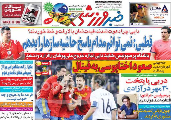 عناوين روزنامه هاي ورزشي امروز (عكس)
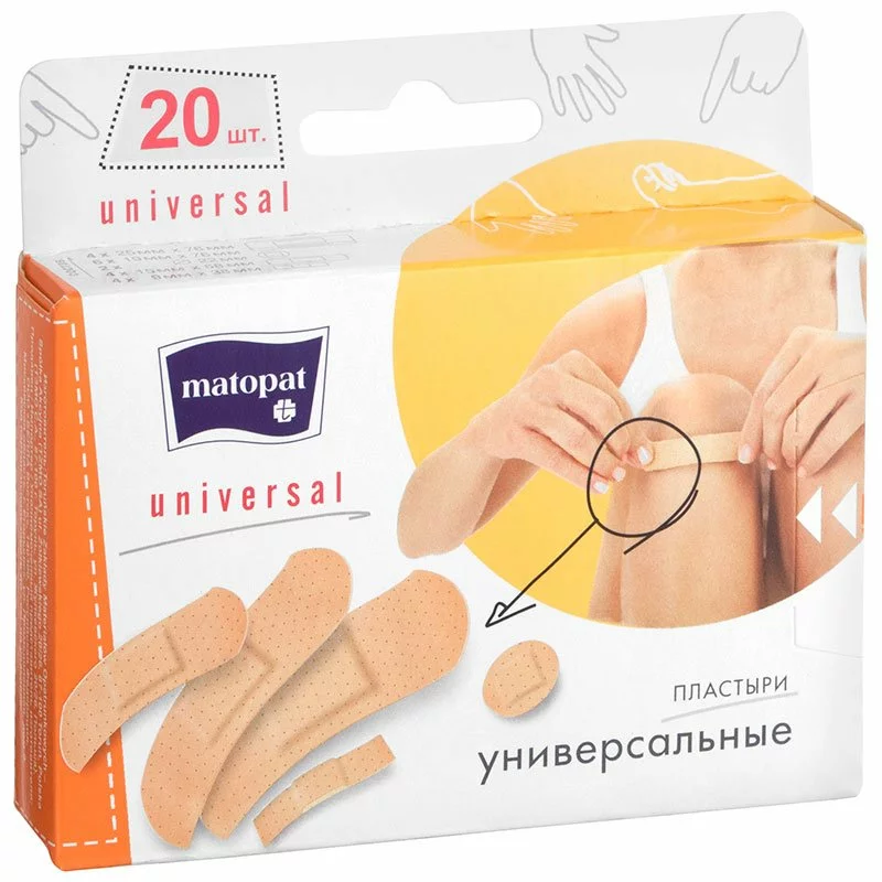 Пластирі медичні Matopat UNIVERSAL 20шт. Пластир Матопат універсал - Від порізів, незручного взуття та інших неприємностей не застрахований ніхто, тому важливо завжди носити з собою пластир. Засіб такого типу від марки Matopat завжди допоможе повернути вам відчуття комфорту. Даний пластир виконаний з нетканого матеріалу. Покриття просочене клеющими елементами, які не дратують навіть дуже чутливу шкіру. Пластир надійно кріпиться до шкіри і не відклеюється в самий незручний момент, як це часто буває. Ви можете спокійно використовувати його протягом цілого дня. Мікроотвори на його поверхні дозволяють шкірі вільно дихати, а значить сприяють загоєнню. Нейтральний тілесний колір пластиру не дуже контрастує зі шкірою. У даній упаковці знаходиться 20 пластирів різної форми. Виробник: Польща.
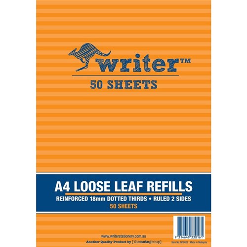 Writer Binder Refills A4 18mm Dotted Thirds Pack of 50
---
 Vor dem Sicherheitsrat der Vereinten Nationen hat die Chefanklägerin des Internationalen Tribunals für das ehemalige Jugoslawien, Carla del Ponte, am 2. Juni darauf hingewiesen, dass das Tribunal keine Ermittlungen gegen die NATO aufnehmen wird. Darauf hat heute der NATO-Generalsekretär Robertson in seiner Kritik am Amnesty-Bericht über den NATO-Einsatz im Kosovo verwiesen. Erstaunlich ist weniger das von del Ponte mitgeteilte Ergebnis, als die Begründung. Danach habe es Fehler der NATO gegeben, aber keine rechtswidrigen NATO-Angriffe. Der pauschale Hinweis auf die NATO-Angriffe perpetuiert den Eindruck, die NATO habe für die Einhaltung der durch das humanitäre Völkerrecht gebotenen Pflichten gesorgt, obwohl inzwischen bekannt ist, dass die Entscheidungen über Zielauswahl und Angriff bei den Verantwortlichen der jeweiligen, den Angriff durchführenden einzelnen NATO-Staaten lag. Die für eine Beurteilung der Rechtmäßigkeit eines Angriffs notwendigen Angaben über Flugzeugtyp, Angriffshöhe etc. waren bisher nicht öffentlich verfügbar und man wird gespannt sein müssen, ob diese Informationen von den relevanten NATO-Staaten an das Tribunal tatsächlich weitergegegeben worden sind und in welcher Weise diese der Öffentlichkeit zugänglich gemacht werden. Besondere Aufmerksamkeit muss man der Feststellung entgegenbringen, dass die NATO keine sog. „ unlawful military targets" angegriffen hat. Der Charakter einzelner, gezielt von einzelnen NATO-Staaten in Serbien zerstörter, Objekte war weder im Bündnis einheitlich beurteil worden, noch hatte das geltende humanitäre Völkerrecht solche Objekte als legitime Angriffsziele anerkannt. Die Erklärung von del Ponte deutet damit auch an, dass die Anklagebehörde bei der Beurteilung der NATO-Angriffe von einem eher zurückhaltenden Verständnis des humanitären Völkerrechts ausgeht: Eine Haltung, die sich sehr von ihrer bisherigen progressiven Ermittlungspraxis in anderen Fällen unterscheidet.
...
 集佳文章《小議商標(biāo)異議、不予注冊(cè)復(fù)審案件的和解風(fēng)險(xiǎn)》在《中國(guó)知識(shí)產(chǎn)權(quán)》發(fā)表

### Problem details
Reproduce the lines above beginning at the line that contains "عناوين روزنامه هاي ورزشي امروز (عكس)" and ending at the line that contains "Writer Binder Refills". No pictures.

### Your solution
 عناوين روزنامه هاي ورزشي امروز (عكس)
 Пластирі медичні Matopat UNIVERSAL 20шт. Пластир Матопат універсал - Від порізів, незручного взуття та інших неприємностей не застрахований ніхто, тому важливо завжди носити з собою пластир. Засіб такого типу від марки Matopat завжди допоможе повернути вам відчуття комфорту. Даний пластир виконаний з нетканого матеріалу. Покриття просочене клеющими елементами, які не дратують навіть дуже чутливу шкіру. Пластир надійно кріпиться до шкіри і не відклеюється в самий незручний момент, як це часто буває. Ви можете спокійно використовувати його протягом цілого дня. Мікроотвори на його поверхні дозволяють шкірі вільно дихати, а значить сприяють загоєнню. Нейтральний тілесний колір пластиру не дуже контрастує зі шкірою. У даній упаковці знаходиться 20 пластирів різної форми. Виробник: Польща.
 Writer Binder Refills A4 18mm Dotted Thirds Pack of 50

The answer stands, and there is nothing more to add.